YOUR GOAL
An exact copy of the listing below is needed, with no pictures in it.

INPUT
▬▬▬▬▬▬
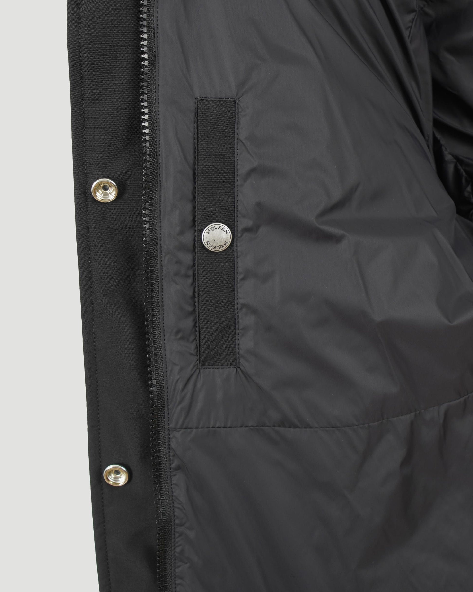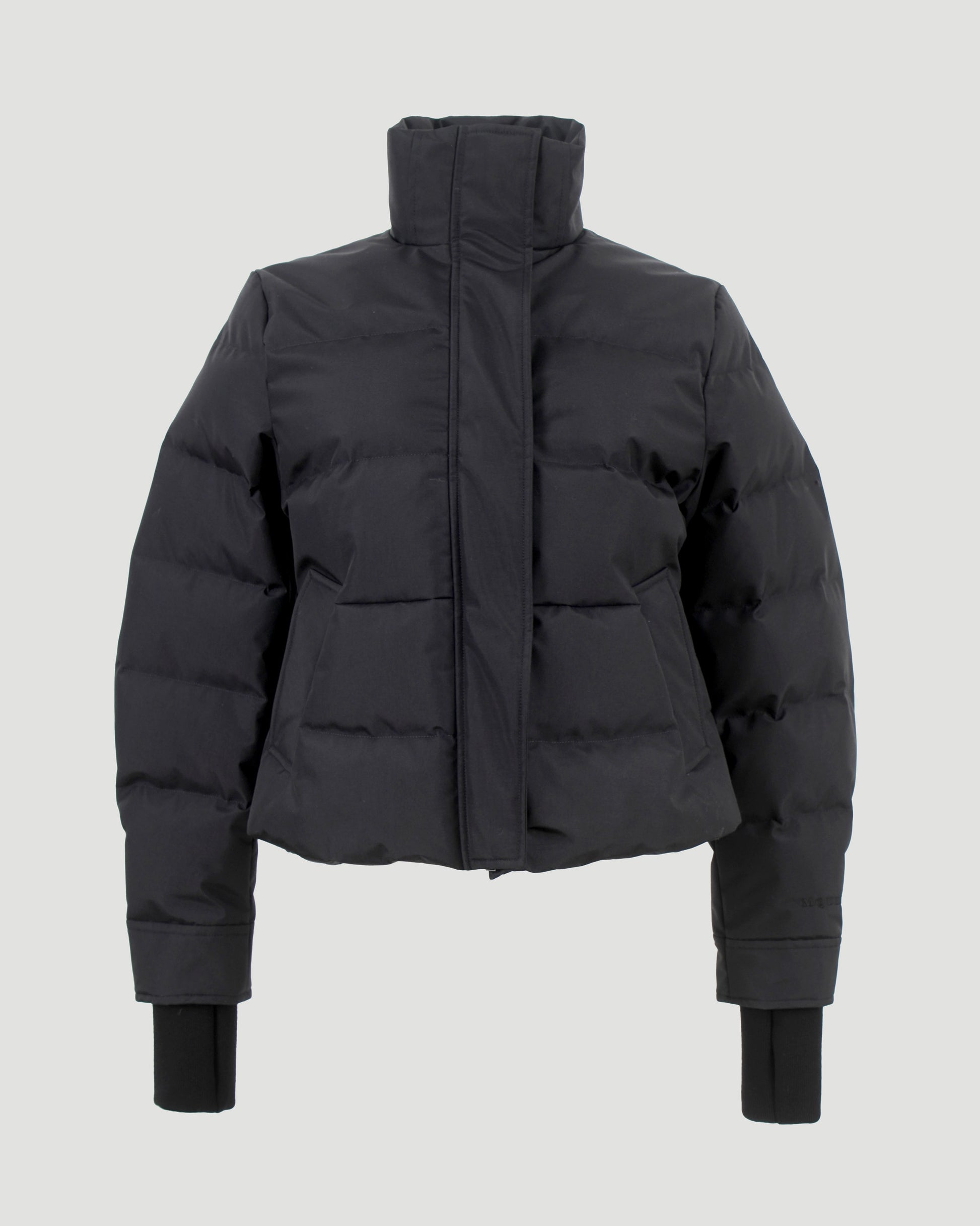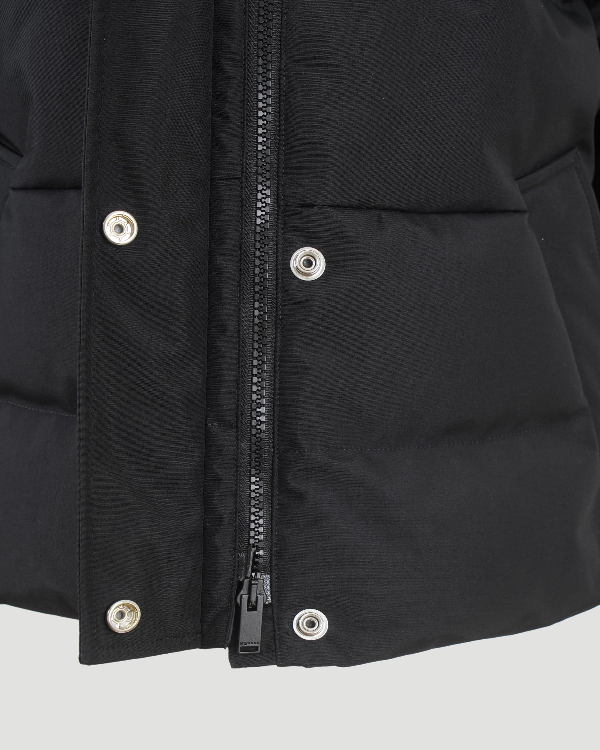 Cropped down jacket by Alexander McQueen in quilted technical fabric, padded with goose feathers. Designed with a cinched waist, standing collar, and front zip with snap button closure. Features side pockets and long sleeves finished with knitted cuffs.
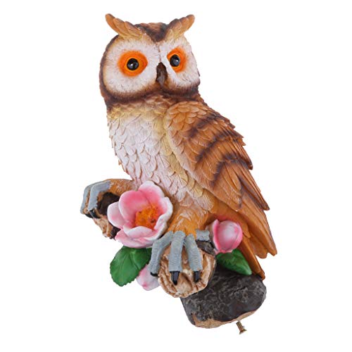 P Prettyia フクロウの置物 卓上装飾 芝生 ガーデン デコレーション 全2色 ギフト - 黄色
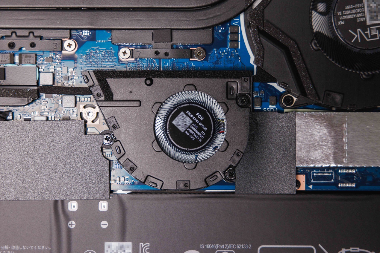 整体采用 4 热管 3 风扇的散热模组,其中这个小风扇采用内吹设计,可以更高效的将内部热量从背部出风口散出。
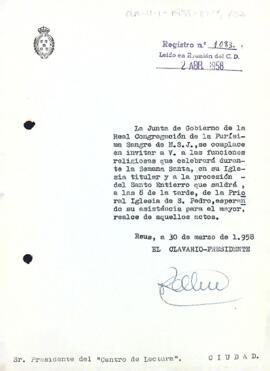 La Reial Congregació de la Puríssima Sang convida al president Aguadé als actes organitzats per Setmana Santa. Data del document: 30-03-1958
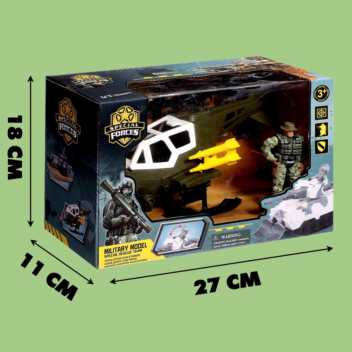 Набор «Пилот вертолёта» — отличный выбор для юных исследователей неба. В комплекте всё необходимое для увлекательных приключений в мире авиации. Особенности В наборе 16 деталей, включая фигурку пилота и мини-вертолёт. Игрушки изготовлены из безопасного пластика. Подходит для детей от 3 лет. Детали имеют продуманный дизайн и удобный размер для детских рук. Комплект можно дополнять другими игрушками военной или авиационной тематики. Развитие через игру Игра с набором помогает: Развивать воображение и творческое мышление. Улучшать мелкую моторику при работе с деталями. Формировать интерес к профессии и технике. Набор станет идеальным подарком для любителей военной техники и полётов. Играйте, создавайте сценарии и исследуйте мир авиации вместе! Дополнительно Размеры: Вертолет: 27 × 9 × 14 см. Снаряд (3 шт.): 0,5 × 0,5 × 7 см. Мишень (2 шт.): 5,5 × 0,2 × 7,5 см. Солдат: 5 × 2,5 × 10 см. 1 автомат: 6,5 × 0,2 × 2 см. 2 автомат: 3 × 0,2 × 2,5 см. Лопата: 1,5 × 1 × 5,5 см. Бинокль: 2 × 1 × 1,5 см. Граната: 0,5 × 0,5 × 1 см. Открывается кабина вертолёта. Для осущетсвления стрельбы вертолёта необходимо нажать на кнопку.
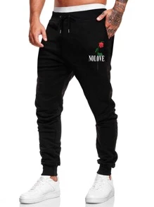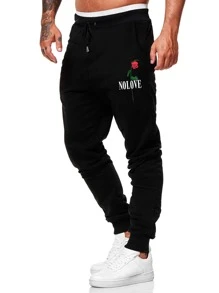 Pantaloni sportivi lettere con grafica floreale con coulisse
▬▬▬▬▬▬
ANSWER BELOW
 Cropped down jacket by Alexander McQueen in quilted technical fabric, padded with goose feathers. Designed with a cinched waist, standing collar, and front zip with snap button closure. Features side pockets and long sleeves finished with knitted cuffs.
 P Prettyia フクロウの置物 卓上装飾 芝生 ガーデン デコレーション 全2色 ギフト - 黄色
 整体采用 4 热管 3 风扇的散热模组,其中这个小风扇采用内吹设计,可以更高效的将内部热量从背部出风口散出。
 La Reial Congregació de la Puríssima Sang convida al president Aguadé als actes organitzats per Setmana Santa. Data del document: 30-03-1958
 Набор «Пилот вертолёта» — отличный выбор для юных исследователей неба. В комплекте всё необходимое для увлекательных приключений в мире авиации. Особенности В наборе 16 деталей, включая фигурку пилота и мини-вертолёт. Игрушки изготовлены из безопасного пластика. Подходит для детей от 3 лет. Детали имеют продуманный дизайн и удобный размер для детских рук. Комплект можно дополнять другими игрушками военной или авиационной тематики. Развитие через игру Игра с набором помогает: Развивать воображение и творческое мышление. Улучшать мелкую моторику при работе с деталями. Формировать интерес к профессии и технике. Набор станет идеальным подарком для любителей военной техники и полётов. Играйте, создавайте сценарии и исследуйте мир авиации вместе! Дополнительно Размеры: Вертолет: 27 × 9 × 14 см. Снаряд (3 шт.): 0,5 × 0,5 × 7 см. Мишень (2 шт.): 5,5 × 0,2 × 7,5 см. Солдат: 5 × 2,5 × 10 см. 1 автомат: 6,5 × 0,2 × 2 см. 2 автомат: 3 × 0,2 × 2,5 см. Лопата: 1,5 × 1 × 5,5 см. Бинокль: 2 × 1 × 1,5 см. Граната: 0,5 × 0,5 × 1 см. Открывается кабина вертолёта. Для осущетсвления стрельбы вертолёта необходимо нажать на кнопку.
 Pantaloni sportivi lettere con grafica floreale con coulisse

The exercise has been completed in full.